Now that I’m on the other side of this equation – I’m the parent/grandparent wondering about the impact I had and have on my family – I see that someone actually listened to and acted upon something specific I’ve spoken about. I can therefore hope that other ideas, while not overtly acknowledged, also might have seeped in.

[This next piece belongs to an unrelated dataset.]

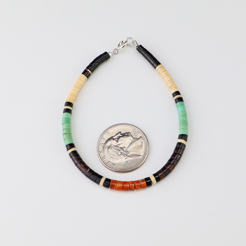 A fabulous combination of mother of pearl shell, jet, coral and turquoise stones inlaid into a sterling silver setting. Hand made by Zuni jeweler Glendis Tsadiasi This attractive bracelet would make a great addition to your Native American jewelry collection. Weighs 10 grams. Signed. The entire inner circumference is about...
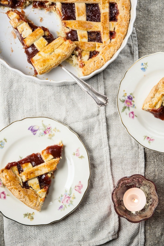 • Con un palo de amasar, estirá la masa hasta que quede de 1 centímetro de espesor aproximadamente. Cortá tiritas finas y armá un enrejado por encima del membrillo. Listo, ¡al horno!

The picture I see appearing from these puzzle pieces is thus one of family continuity; a picture of ideas being passed from generation to generation; a picture of values binding parents and children, grandparents and grandchildren; a picture of lessons not getting lost as the years pass by, but appearing and reappearing as children morph into parents and then grandparents and then leave the scene.
It’s a picture, to switch prophets from Micha to Malachi, foreshadowing the majestic vision of that great and awesome day when the world will experience ve-heshiv lev avot al banim ve-lev banim al avotam (3:23-24); he shall bring parents’ hearts back to children and the children’s hearts to their parents. A jigsaw puzzle picture worthy of framing and hanging on your heart.
Joseph C. Kaplan of Teaneck, a regular columnist for the Jewish Standard and the New Jersey Jewish News and a Rockower Award recipient, is the author of “A Passionate Writing Life: From ‘In my Opinion’ to ‘I’ve Been Thinking.’” He is a retired lawyer; he and his wife, Sharon, have been blessed with four wonderful daughters and six delicious grandchildren.